Start of Entries shown

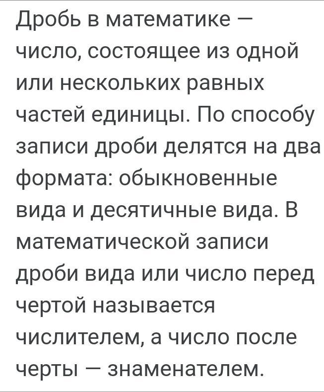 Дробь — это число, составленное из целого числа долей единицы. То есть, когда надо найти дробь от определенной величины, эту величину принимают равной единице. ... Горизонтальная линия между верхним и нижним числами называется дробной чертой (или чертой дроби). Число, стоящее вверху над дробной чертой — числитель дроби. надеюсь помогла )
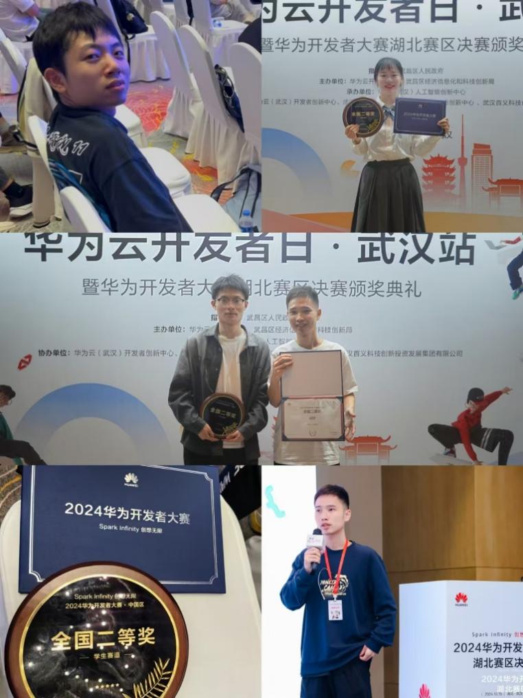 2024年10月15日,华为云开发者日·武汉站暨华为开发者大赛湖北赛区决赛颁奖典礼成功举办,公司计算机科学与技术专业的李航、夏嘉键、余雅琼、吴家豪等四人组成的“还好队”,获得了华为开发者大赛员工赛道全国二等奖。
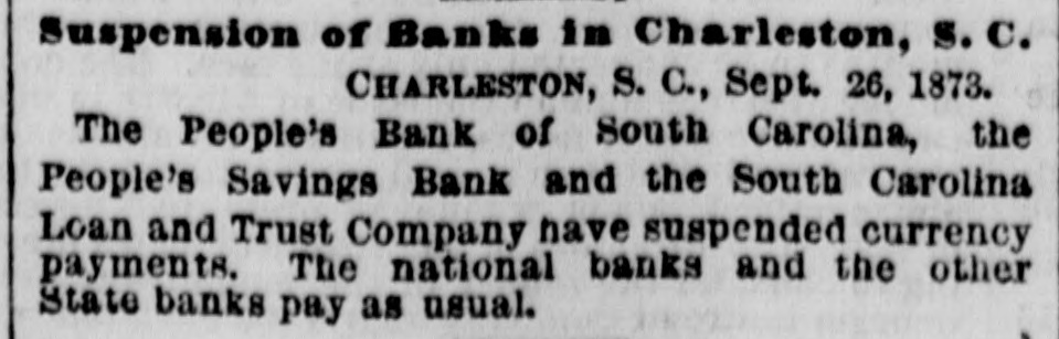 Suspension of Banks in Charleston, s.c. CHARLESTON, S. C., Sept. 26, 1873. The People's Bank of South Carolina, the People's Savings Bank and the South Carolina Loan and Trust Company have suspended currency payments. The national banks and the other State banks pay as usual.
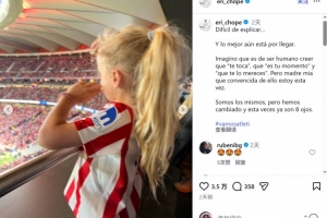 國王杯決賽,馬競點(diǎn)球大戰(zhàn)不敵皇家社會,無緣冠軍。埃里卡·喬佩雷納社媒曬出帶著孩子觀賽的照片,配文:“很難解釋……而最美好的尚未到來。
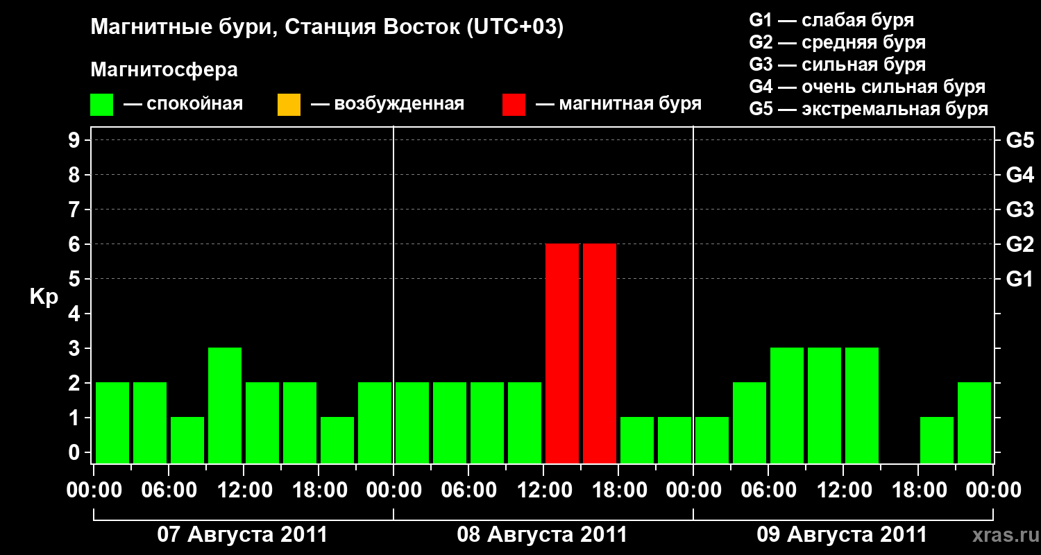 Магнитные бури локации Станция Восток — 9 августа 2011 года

End of Entries shown
Start of Entries shown

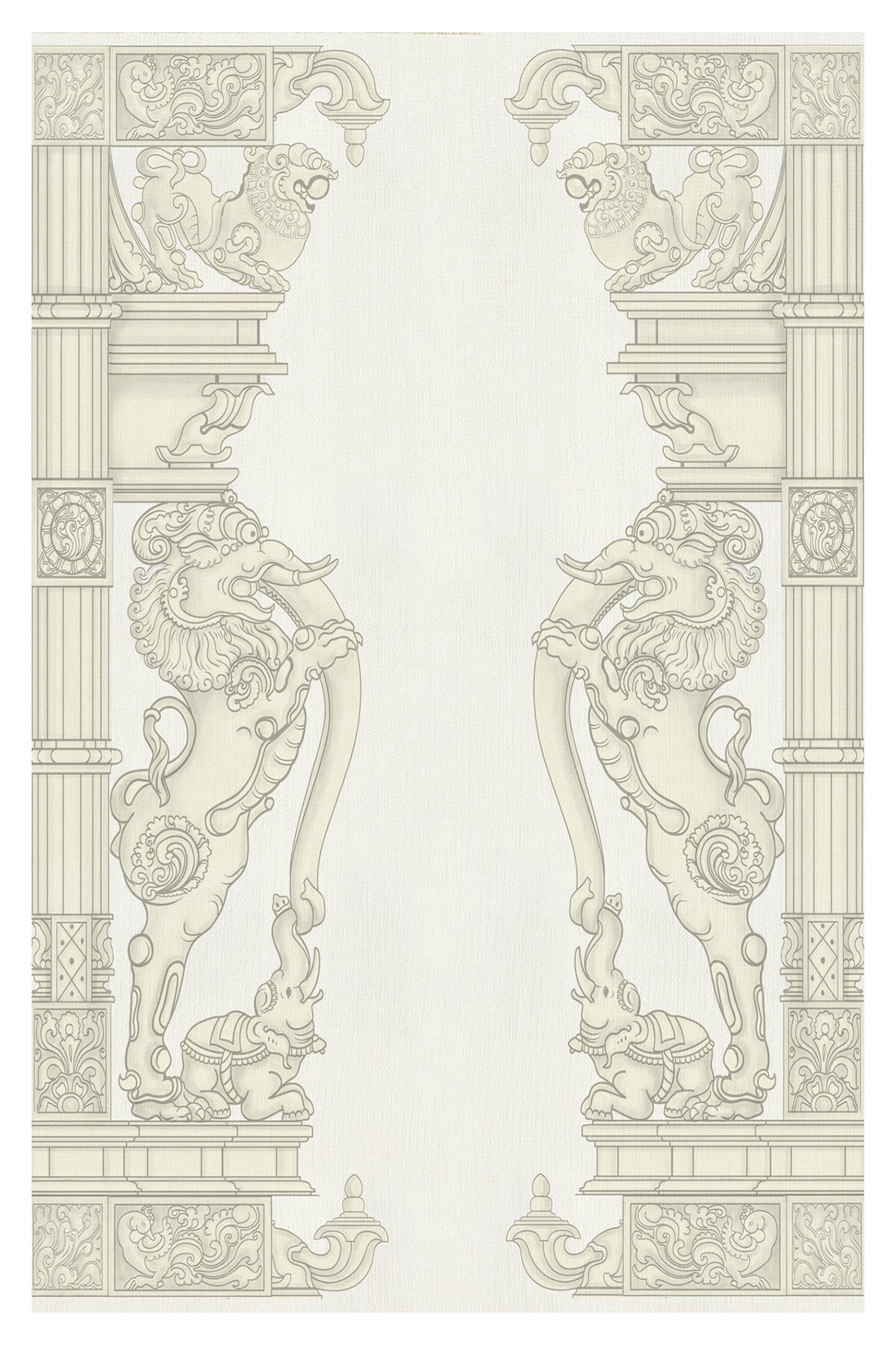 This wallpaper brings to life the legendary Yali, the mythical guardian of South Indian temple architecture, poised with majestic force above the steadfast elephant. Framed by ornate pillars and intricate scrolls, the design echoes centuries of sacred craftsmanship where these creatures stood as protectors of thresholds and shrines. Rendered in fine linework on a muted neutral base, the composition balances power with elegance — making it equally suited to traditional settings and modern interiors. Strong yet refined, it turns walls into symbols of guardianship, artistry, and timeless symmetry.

End of Entries shown

▶ **Directions for this task**
Copy only what runs above from the line containing "Suspension of Banks" through the line containing "Магнитные бури локации", exactly. Leave out the pictures.

▶ **Task output**
 Suspension of Banks in Charleston, s.c. CHARLESTON, S. C., Sept. 26, 1873. The People's Bank of South Carolina, the People's Savings Bank and the South Carolina Loan and Trust Company have suspended currency payments. The national banks and the other State banks pay as usual.
 國王杯決賽,馬競點(diǎn)球大戰(zhàn)不敵皇家社會,無緣冠軍。埃里卡·喬佩雷納社媒曬出帶著孩子觀賽的照片,配文:“很難解釋……而最美好的尚未到來。
 Магнитные бури локации Станция Восток — 9 августа 2011 года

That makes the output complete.